August 4, 2009

How the Wal-Mart Eco-Ratings Will Save Money

[Post #3 of 3 on Wal-Mart's activity in the last couple of months. This appeared at Harvard Business Online]

I wouldn't normally focus on the same company twice in a week, but Wal-Mart just keeps making news in the world of sustainability — and in the world of commerce for that matter. With a major PR push, the company announced its latest initiative targeting supplier sustainability performance. After a lot of huffing and puffing, the announcement itself was fairly simple (at least for now).

In short, Wal-Mart will be asking all suppliers 15 questions about their approaches on four key issues: energy and climate, material efficiency, natural resources, and people and community. A few sample questions:

--> Have you measured your corporate greenhouse gas emissions?
--> Please report total water use from the facilities that produce your product(s) for Wal-Mart.
--> Do you know the location of 100% of the facilities that produce your product(s)?
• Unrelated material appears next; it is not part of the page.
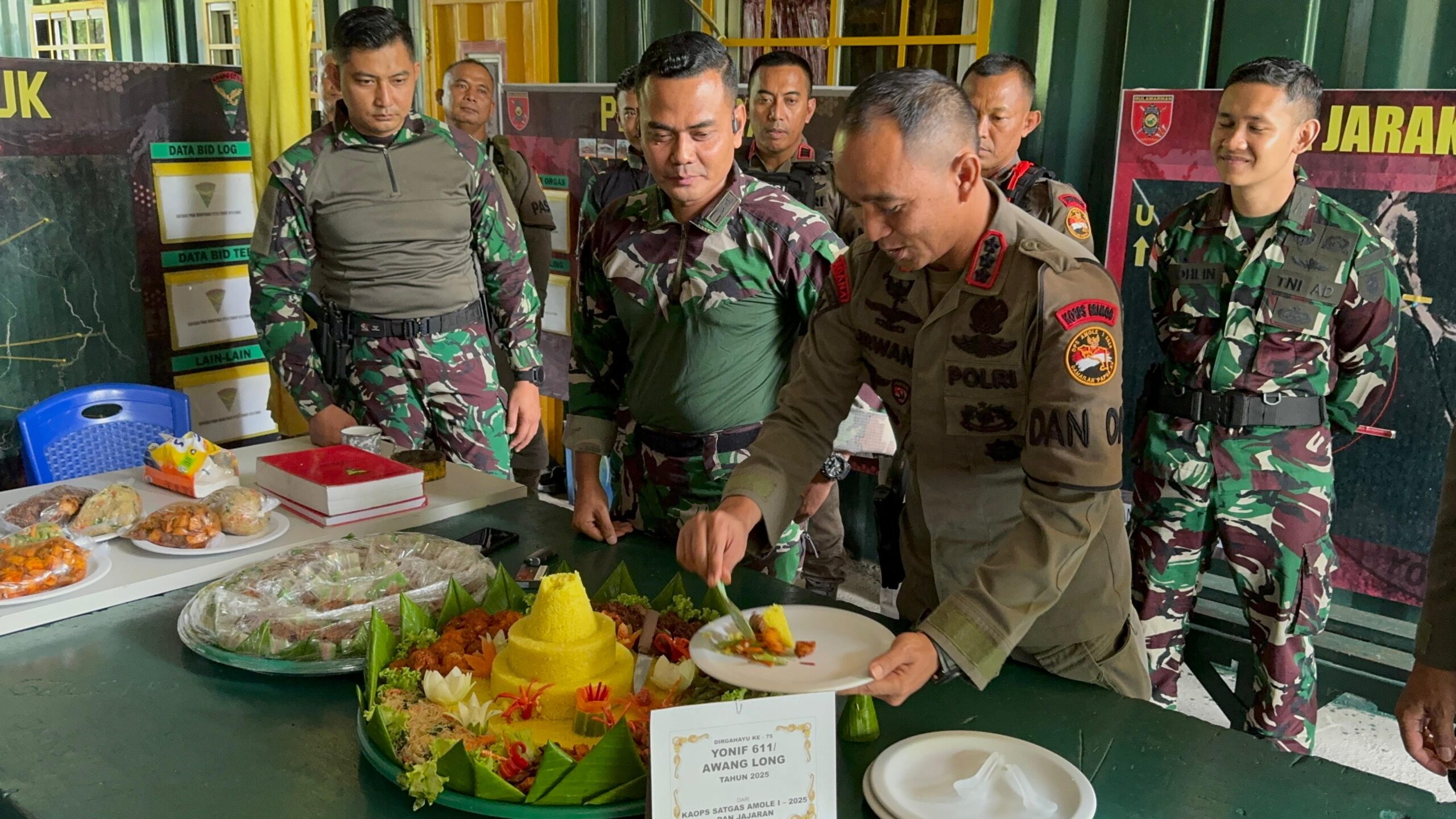 Mimika, Papua Tengah – Dalam rangka memperingati Hari Ulang Tahun ke-75 Yonif 611/Awang Long, Satgas Pengamanan Objek Vital Nasional (Pam Obvitnas) PT Freeport Indonesia yang bertugas di Pos MP 37 mendapat kunjungan kehormatan dari Kepala Operasi Amole I-2025 (KAOPS GAS Amole 1-2025), Kombes Pol Irwan Yuli Prasetyo, S.I.K., M.M. Minggu (01/06/2025).

For now, these questions are mainly for data collection, but they represent the first step toward (a) truly comparing suppliers on their sustainability performance and (b) creating a real sustainability index that consumers can use to compare products. Most of the press coverage on this was making it sound like a product green label was around the corner. But Wal-Mart, according to one top exec, is "maybe five years" away from that level of data and consumer communication.

Rather than analyze the announcement details any further, I want to put yesterday's announcement in context within the range of Wal-Mart's sustainability actions and within some larger trends. But first, let's be clear: this kind of sustainability data collection is good for business, and it's definitely good for Wal-Mart. And while it may seem like a total pain to suppliers, it will be good for them as well.

The logic is simple: knowing your business better makes it easier to find hidden value.